If you place the SC and VMotion networks within your DMZ, please expect your systems to be under constant threat and hacked. This is a very very bad idea. As rrandell has stated, the SC and VMotion networks must be protected even if they are on a private segment. Your security folks are most likely concerned that the ESX host will become a bridge between security zones. Which tells me that they may not understand how the Layer 2 vSwitch really works.
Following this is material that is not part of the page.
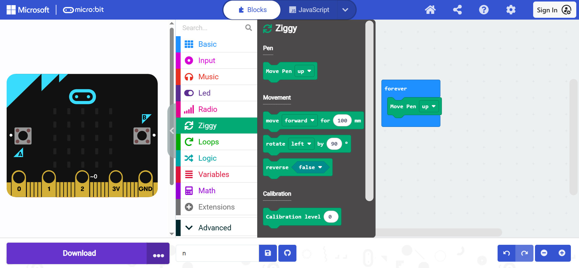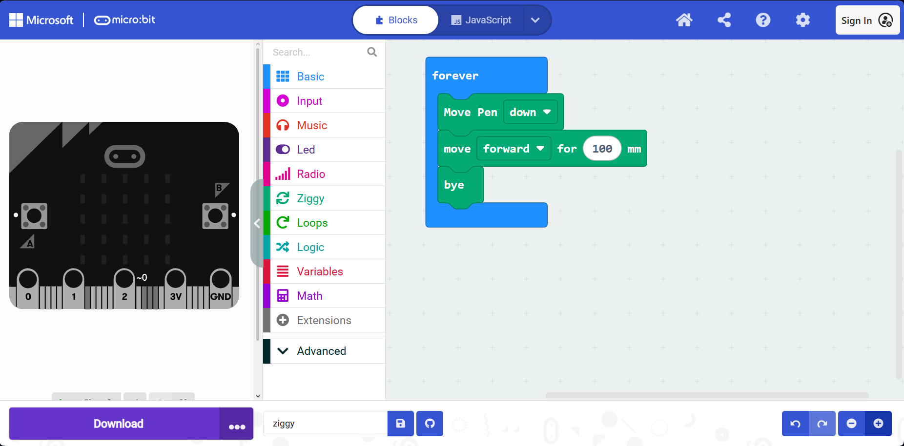 Tip: Use Pen Up when you want Ziggy to move or reposition without leaving marks.

I would start them with the http://www.vmware.com/files/pdf/dmz_virtualization_vmware_infra_wp.pdf document and move on from there. I would also NOT implement VMware ESX within a DMZ until they fully understand the consequences as their suggestion is incredibly insecure.

Best regards,

Edward L. Haletky

VMware Communities User Moderator

====

Author of the book 'VMWare ESX Server in the Enterprise: Planning and Securing Virtualization Servers', Copyright 2008 Pearson Education.

SearchVMware Blog: http://itknowledgeexchange.techtarget.com/virtualization-pro/

Blue Gears Blogs - http://www.itworld.com/ and http://www.networkworld.com/community/haletky

As well as the Virtualization Wiki at http://www.astroarch.com/wiki/index.php/Virtualization

PLEASE DO NOT PUT YOUR SC TO DMZ NETWORK....secure it internally with dedicated management network. If you found this information useful, please consider awarding points for "Correct" or "Helpful". Thanks!!! Regards, Stefan Nguyen iGeek Systems Inc. VMware, Citrix, Microsoft Consultant

Thanks for your feedback. I'll pass it on.